New max_samples option to control how many samples are run in parallel (still defaults to running all samples in parallel).
Registry name looks are now case sensitive (fixes issue w/ loading tasks w/ mixed case names).
Resiliency to Python syntax errors that occur when enumerating tasks in a directory.
Do not throw error if unable to parse or load .ipynb file due to lack of dependencies (e.g. nbformat).
Various additions to log viewer display (log file name, dataset/scorer in listing, filter by complex score types).
Improvements to markdown rendering in log viewer (don’t render intraword underscores, escape html tags).
v0.3.3 (28 April 2024)
inspect view command for viewing eval log files.
Score now has an optional answer field, which denotes the answer text extracted from model output.
Accuracy metrics now take an optional ValueToFloat function for customising how textual values mapped to float.
Made model_graded_qa more flexible with separate instruction template and grade_pattern, as well providing partial_credit as an option.
Modify the default templates for chain_of_thought() and self_critique() to instruct the model to reply with ANSWER: $ANSWER at the end on its own line.
Improved numeric extraction for match(numeric=True) (better currency and decimal handling).

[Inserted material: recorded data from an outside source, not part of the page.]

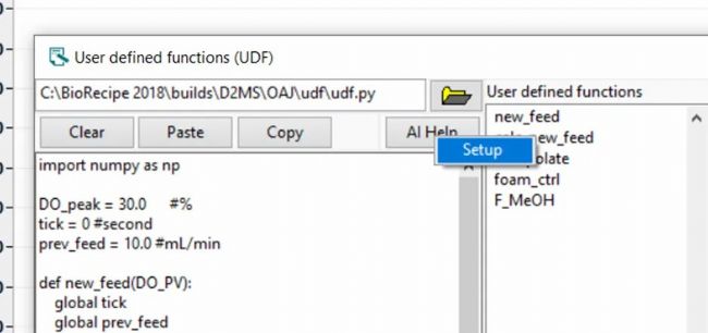 UDF,即用戶自定義函數(shù)(User-defined Function),是生物反應(yīng)器(迪必爾生物)配套軟件D²MS的一個(gè)特色功能。通過(guò)UDF功能,用戶可以設(shè)置自己的控制邏輯,通過(guò)設(shè)定條件與計(jì)時(shí)器,實(shí)現(xiàn)更精細(xì)的生物過(guò)程控制。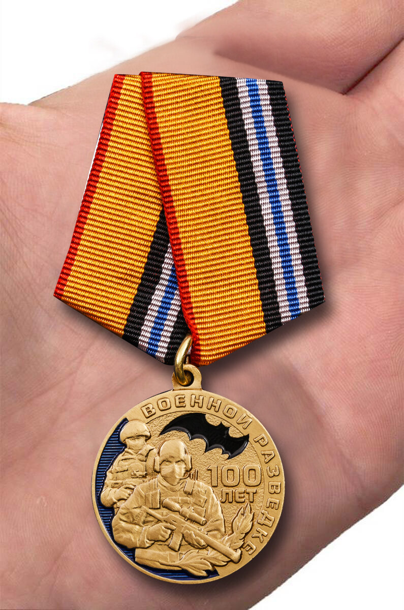 10 цен на Медаль "100 лет Военной разведке", муляж, латунь, диаметр медали 32мм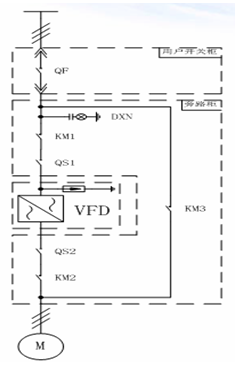 合KM3、分KM1、KM2、為工頻模式。電機(jī)可由QF直接啟停并進(jìn)行保護(hù),變頻器可完全和電網(wǎng)脫離。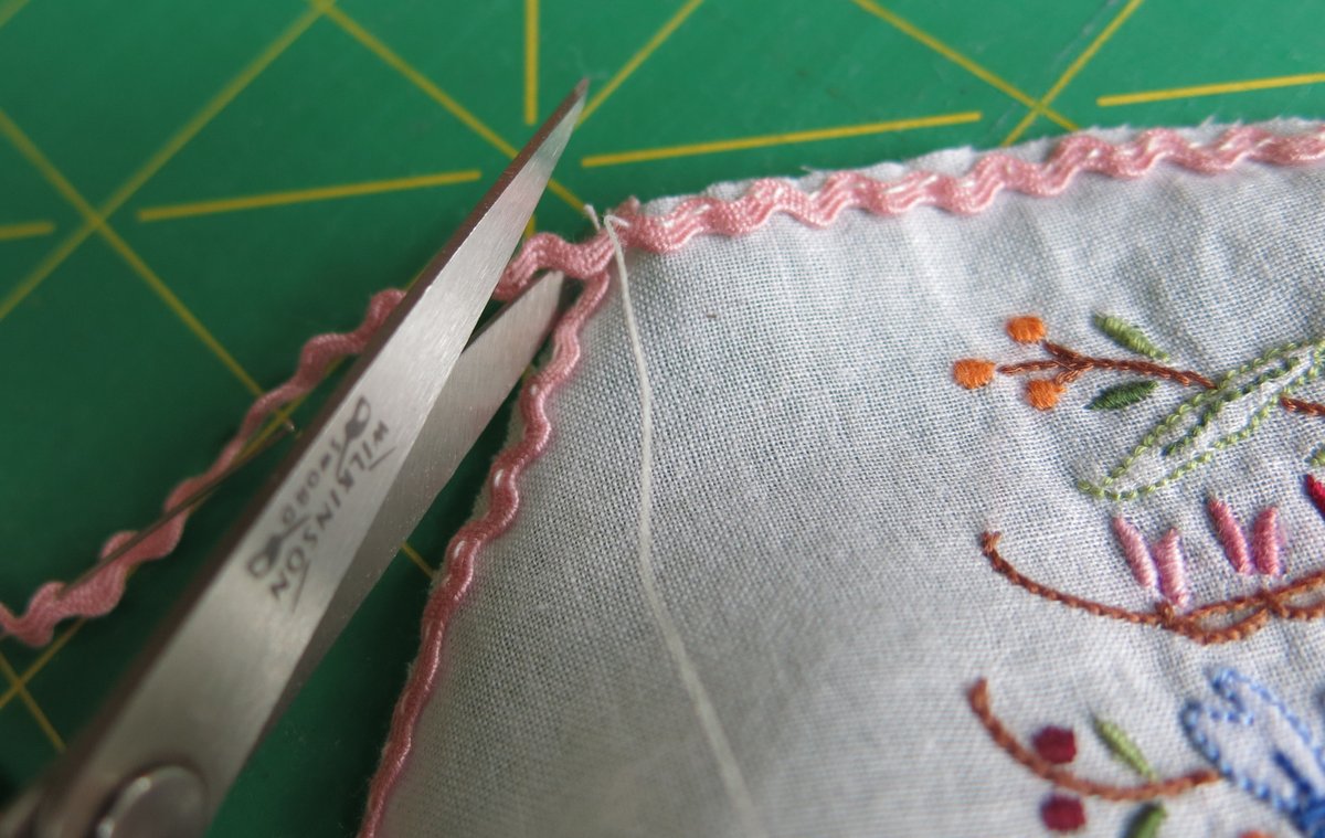 I don’t cut the rickrack until I get to the end, because I am never quite sure exactly how much I will use, and I don’t want to waste even a centimeter of the baby rickrack which is pretty old and not available around here.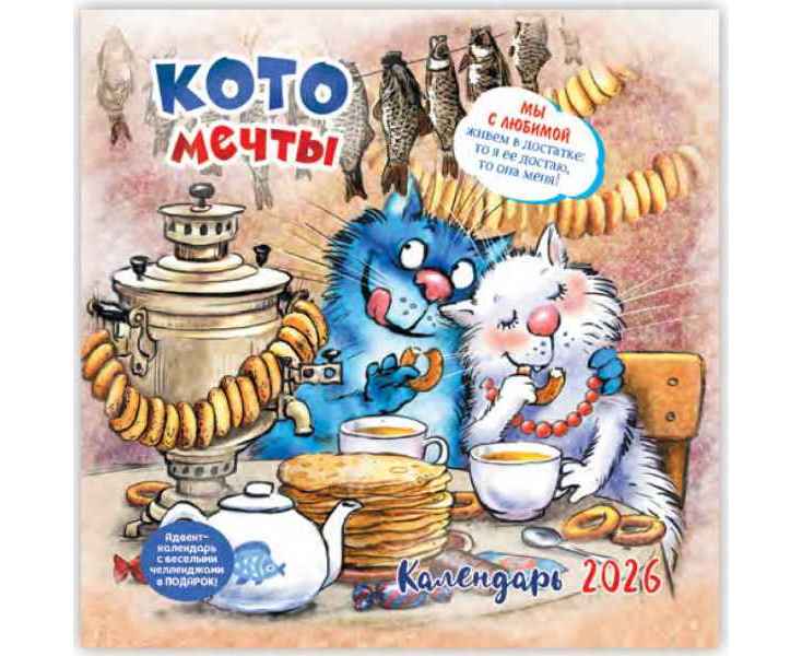 Календарь-органайзер настенный перекидной, 14 листов, мелованная бумага, блок 115 гр/м2, обложка 200 гр/м2, глянцевая ламинация, 4+4, крепление - скоба, индивидуальная упаковка в пакет с клеевым клапаном, с верхним еврослотом, вкладка из гофрокартона. Внутрь вложен адвент-календарь – отдельный лист со стирающимся слоем, под которым спрятаны задания для подготовки к Новому году на каждый день декабря, на задней обложке подарок-сюрприз: карманный календарь, который можно вырезать, размер в сложенном виде 290x290 мм, в развернутом виде 290х580 мм, возможно место для рекламы 290х70 мм. Яркий календарь-органайзер с иллюстрациями всенародно любимых синих котов известной художницы Рины Зенюк. Обаятельные котики с удовольствием – и юмором! – делятся своими мыслями и секретами чудесного настроения.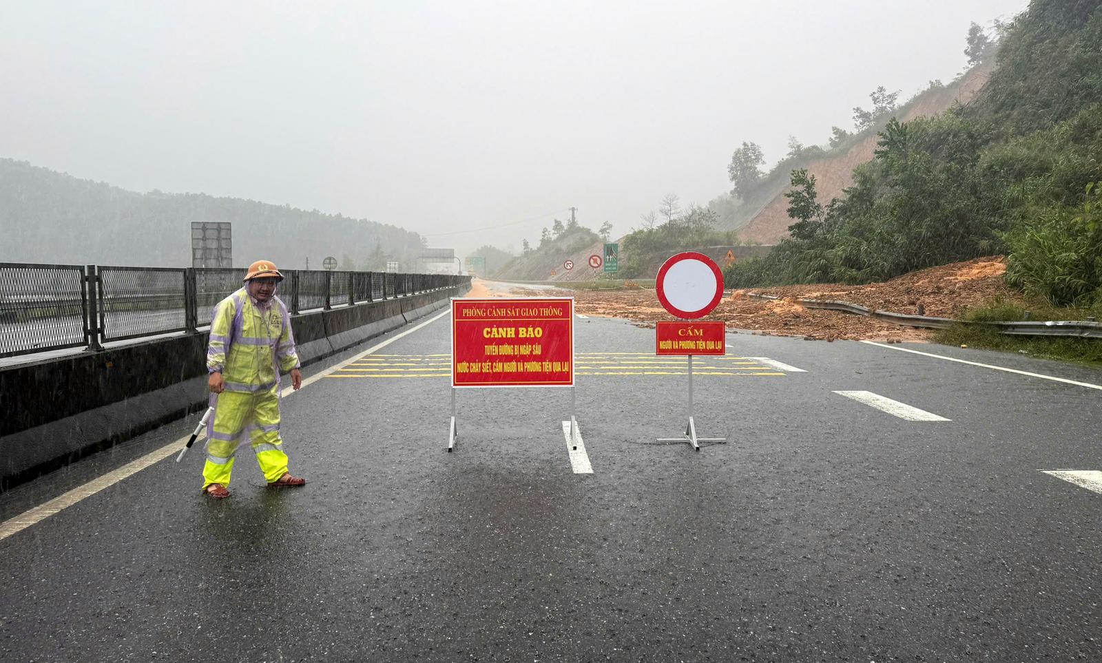 Lực lượng Cảnh sát giao thông Công an TP Huế chốt chặn tại một điểm sạt lở trên tuyến cao tốc La Sơn - Túy Loan. Ảnh: CATP Huế

Improve answer() patterns so that they detect letter and word answers both within and at the end of model output.
Plan now has an optional cleanup function which can be used to free per-sample resources (e.g. Docker containers) even in the case of an evaluation error.
Add Dataset.filter method for filtering samples using a predicate.
Dataset slices (e.g. dataset[0:100]) now return a Dataset rather than list[Sample].
Relative path to INSPECT_LOG_DIR in .env file is now correctly resolved for execution within subdirectories.
inspect list tasks and list_tasks() now only parse source files (rather than loading them), ensuring that it is fast even for task files that have non-trivial global initialisation.
inspect list logs and list_eval_logs() now enumerate log files recursively by default, and only enumerate json files that match log file naming conventions.
Provide header_only option for read_eval_log() and inspect info log-file for bypassing the potentially expensive reading of samples.
Provide filter option for list_eval_logs() to filter based on log file header info (i.e. anything but samples).
Added __main__.py entry point for invocation via python3 -m inspect_ai.
Removed prompt and callable from model ToolDef (renamed to ToolInfo).
Fix issue with accesses of completion property on ModelOutput with no choices.